Produce a word-for-word copy of the data that follows, excluding images.

#### Data block
......
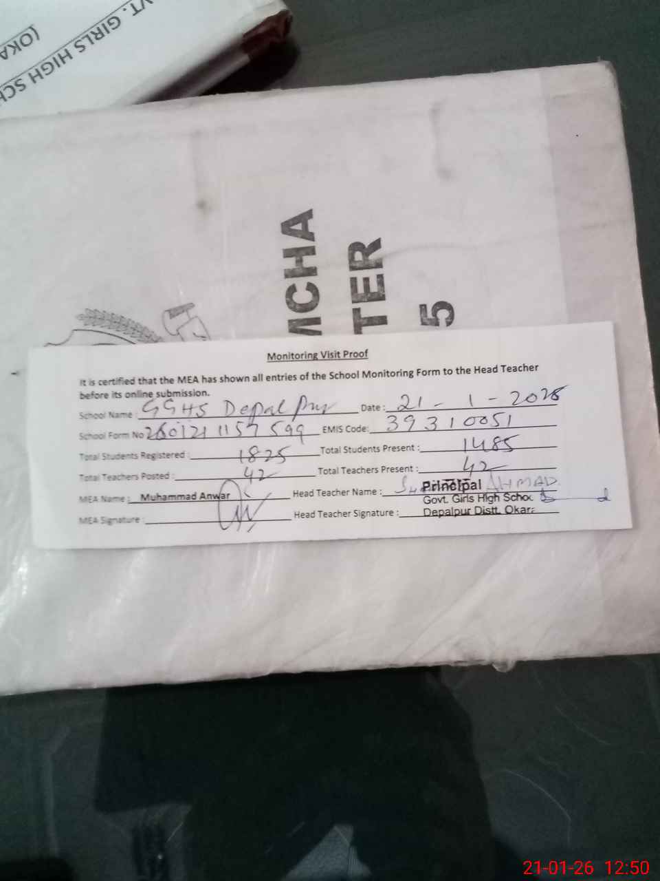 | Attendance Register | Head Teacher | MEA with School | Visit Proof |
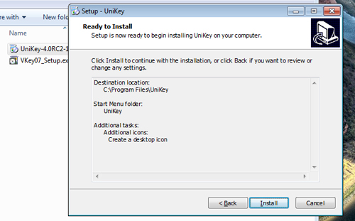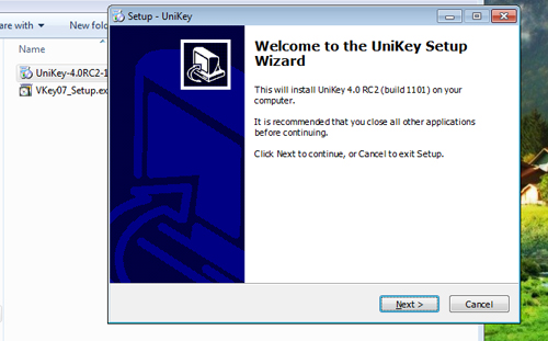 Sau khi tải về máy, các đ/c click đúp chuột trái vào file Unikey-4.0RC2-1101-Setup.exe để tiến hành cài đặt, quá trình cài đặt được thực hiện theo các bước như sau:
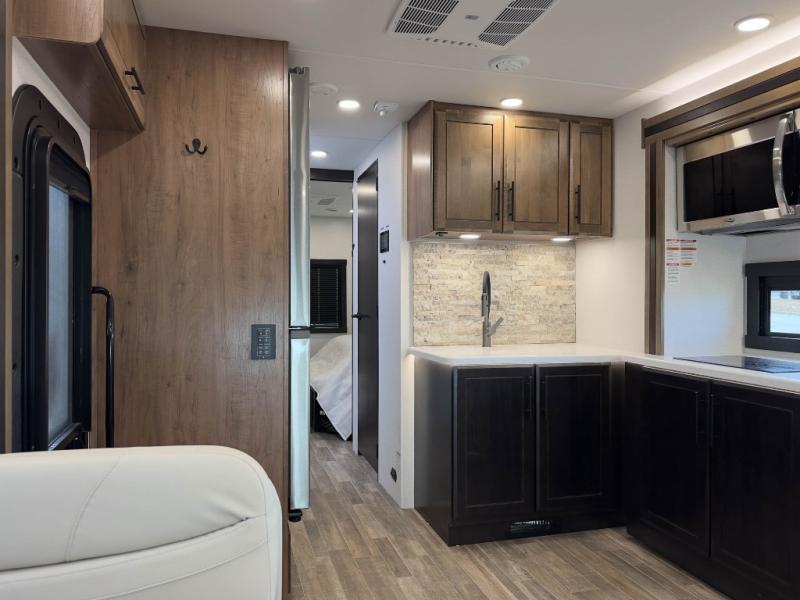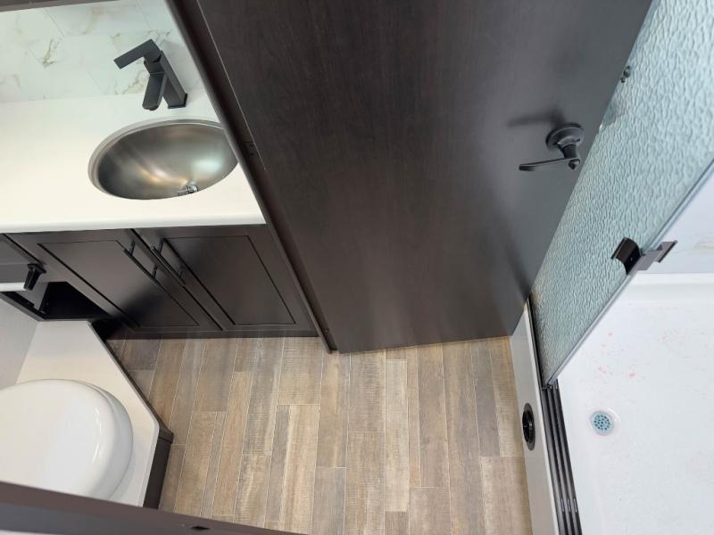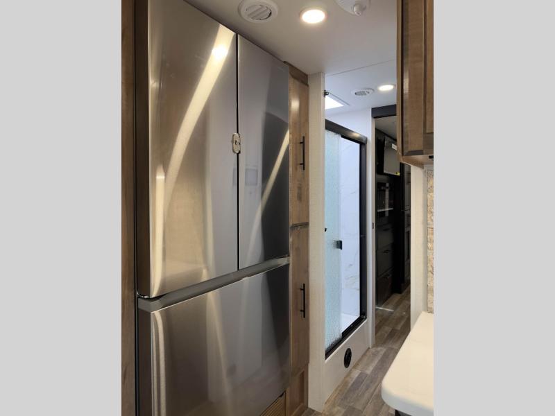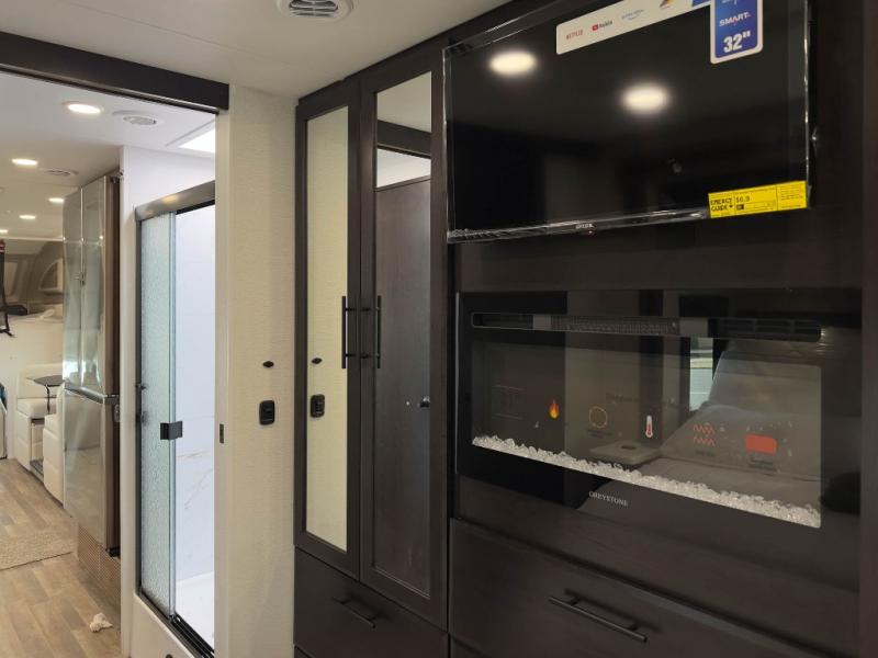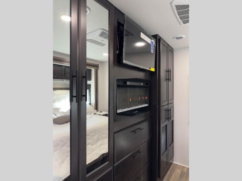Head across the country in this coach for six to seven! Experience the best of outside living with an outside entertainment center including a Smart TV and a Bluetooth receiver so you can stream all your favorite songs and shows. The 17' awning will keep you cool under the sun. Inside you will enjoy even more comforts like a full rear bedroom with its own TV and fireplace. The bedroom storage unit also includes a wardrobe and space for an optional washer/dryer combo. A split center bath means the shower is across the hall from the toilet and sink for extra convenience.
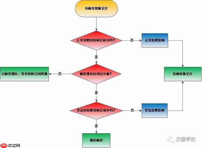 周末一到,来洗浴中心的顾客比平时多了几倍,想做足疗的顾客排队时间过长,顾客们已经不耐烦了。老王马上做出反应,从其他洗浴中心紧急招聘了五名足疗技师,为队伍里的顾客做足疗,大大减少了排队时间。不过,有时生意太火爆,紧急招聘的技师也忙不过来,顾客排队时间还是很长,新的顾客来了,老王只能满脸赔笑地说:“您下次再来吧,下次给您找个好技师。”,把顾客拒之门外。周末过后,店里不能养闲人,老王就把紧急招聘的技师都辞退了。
......
#### Response box
 | Attendance Register | Head Teacher | MEA with School | Visit Proof |
 Sau khi tải về máy, các đ/c click đúp chuột trái vào file Unikey-4.0RC2-1101-Setup.exe để tiến hành cài đặt, quá trình cài đặt được thực hiện theo các bước như sau:
Head across the country in this coach for six to seven! Experience the best of outside living with an outside entertainment center including a Smart TV and a Bluetooth receiver so you can stream all your favorite songs and shows. The 17' awning will keep you cool under the sun. Inside you will enjoy even more comforts like a full rear bedroom with its own TV and fireplace. The bedroom storage unit also includes a wardrobe and space for an optional washer/dryer combo. A split center bath means the shower is across the hall from the toilet and sink for extra convenience.
 周末一到,来洗浴中心的顾客比平时多了几倍,想做足疗的顾客排队时间过长,顾客们已经不耐烦了。老王马上做出反应,从其他洗浴中心紧急招聘了五名足疗技师,为队伍里的顾客做足疗,大大减少了排队时间。不过,有时生意太火爆,紧急招聘的技师也忙不过来,顾客排队时间还是很长,新的顾客来了,老王只能满脸赔笑地说:“您下次再来吧,下次给您找个好技师。”,把顾客拒之门外。周末过后,店里不能养闲人,老王就把紧急招聘的技师都辞退了。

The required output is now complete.